Despite agreeing to remove Smith, lawmakers were unable to come up with a replacement during the 2017 Session, as the House did not move forward with any of the suggestions from the Great Floridians Program within the state Division of Historic Resources.

Bethune, whose resume included serving as an adviser to President Franklin Roosevelt, founded what became known as Bethune-Cookman University in Daytona Beach. The university has offered to pay for the new statute.

Sen. Tom Lee, a Thonotosassa republican, attached an amendment to the bill Wednesday to require the Smith statue be acquired and displayed by the Florida Division of Cultural Affairs.

“I think it should be back in the state of Florida,” Lee said. “I think we have a Division of Cultural Affairs, within the secretary of state’s office, that can receive that important piece of Florida’s history and place it appropriately somewhere in a museum.”

Meanwhile, the Senate also is on the verge of approving a plan to spend $100 million a year on the Florida Forever land-preservation program. The bill (SB 370), sponsored by Appropriations Chairman Rob Bradley, a Fleming Island Republican, would use money from a 2014 voter-approved constitutional amendment aimed at increasing land and water conservation.

“The ($100 million) number is not a magic number, but it is commensurate with when you look at how funds have been appropriated, via statute, whether it be (for) springs or the Everglades,” Bradley said.

In past years, lawmakers directed at least $200 million a year to the Everglades; $64 million for a reservoir in the Everglades Agricultural Area; $50 million for the state’s natural springs; and $5 million for Lake Apopka.

The constitutional amendment directed that a portion of money from a real-estate documentary tax go into the land-acquisition trust fund. That is expected to generate $862.2 million next year.

As part of Bradley’s proposal, lawmakers would not be able to use the trust fund money for agency overhead, which has been a point on contention with backers of the 2014 amendment.

Bradley also has a separate measure (SB 204) to increase annual funding for the state’s natural springs to $75 million and to set aside $50 million a year for the restoration of the St. Johns River, its tributaries and the Keystone Heights lake region in North Florida. The bill is also ready to go before the Senate.

Meanwhile, Sen. Debbie Mayfield, a Rockledge Republican, Rep. Gayle Harrell, a Stuart Republican, and Rep.
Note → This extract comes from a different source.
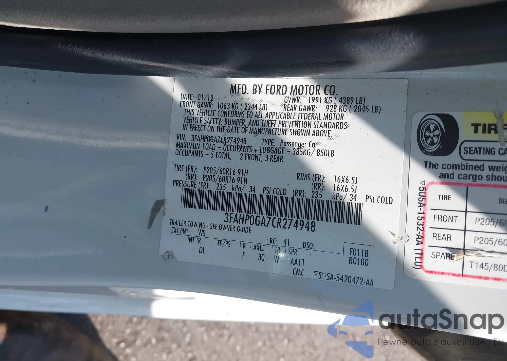 • VIN 3FAHP0GA7CR274948

Rene Plasencia, an Orlando Republican, are seeking another $50 million from the trust fund (SB 786 and HB 339) to help restore the condition of the Indian River Lagoon.

Port Orange Republican Sen. Dorothy Hukill has taken over legislation (SB 174), initially filed by former Sen. Jack Latvala, that seeks $50 million a year for beach projects.

Senate announces new policy on sexual, workplace harassment

Prompted by a series of sex scandals that enveloped several senators, the Florida Senate on Thursday rolled out new guidelines on how to handle sexual harassment in the workplace.

The new employee code of conduct cites “patting, pinching, or intentionally brushing against an individual’s body,” unwelcome kissing or hugging as part of a greeting — including a peck on the cheek –, and sending emails, text messages or notes — whether it be a cartoon, a photo or a joke — of sexual nature, as examples that could violate the policy.

But any type of sexual harassment, whether verbal, nonverbal or physical, is prohibited. An employee found to be in violation of this policy could face immediate termination.

“The Senate has zero tolerance for sexual and workplace harassment and through these changes to our policies and rules we intend to make our commitment to a safe, professional work environment even clearer and even stronger,” Senate President Joe Negron said in a memo obtained by Florida Politics.

Any individual — including Senate staffers, visitors, senators, lobbyists and members of the media — who experiences sexual harassment in the Senate can log a complaint with numerous individuals, including human resources and their immediate supervisors.

Their identities will be kept confidential and exempt from public records.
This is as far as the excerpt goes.